I thought so but the parenthesis are interpreted as FunctionCallNoName which means we are in the Access rule which is

Access =  ((ident:IDENT_CORE { tokenPos; } '&' ![&=] - { core->token[1] += 1; $$=l=nq_onAddressOf(core->this, nq_onVarAccess(core->this, NULL, ident)); }) # special case: blah& is always a reference. blah & blih is a binary and.
          | l:Value)
                ((
                    - '[' - { tokenPos; nq_onArrayAccessStart(core->this, l); }
                             index:Expr - { nq_onStatement(core->this, index); }
                   (',' WS index:Expr - { nq_onStatement(core->this, index); })*
                    - CLOS_SQUAR ~{ throwError(NQE_EXP_CLOSING_SQUAR, "Malformed array access!

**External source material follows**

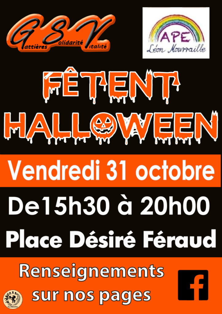 Halloween organisée par GSV et l’APE LM, vendredi 31 octobre, de 15h30 à 20h00, place Désiré Féraud

Expected ']' to end array access.\n"); }
                    - { $$=l=nq_onArrayAccessEnd(core->this); }

                 )
                | - call:FunctionCall                   { nq_onFunctionCallExpr(core->this, call, l); $$=l=call; }
                | - r:IDENT_CORE { tokenPos; $$=l=nq_onVarAccess(core->this, l, r); }
                | - AS_KW { tokenPos; } -  r:Type       { $$=l=nq_onCast(core->this, l, r); }
                | '&' ![&=] - &([ \t\r\n;,)}] | ']')    { core->token[1] += 1; $$=l=nq_onAddressOf(core->this, l); }
                | '@'                                    { $$=l=nq_onDereference(core->this, l); }
                | - call:FunctionCallNoname             { $$=l=nq_onFunctionCallCombo(core->this, call, l); }
                )* -

(FunctionCallNoName only appears in this rule)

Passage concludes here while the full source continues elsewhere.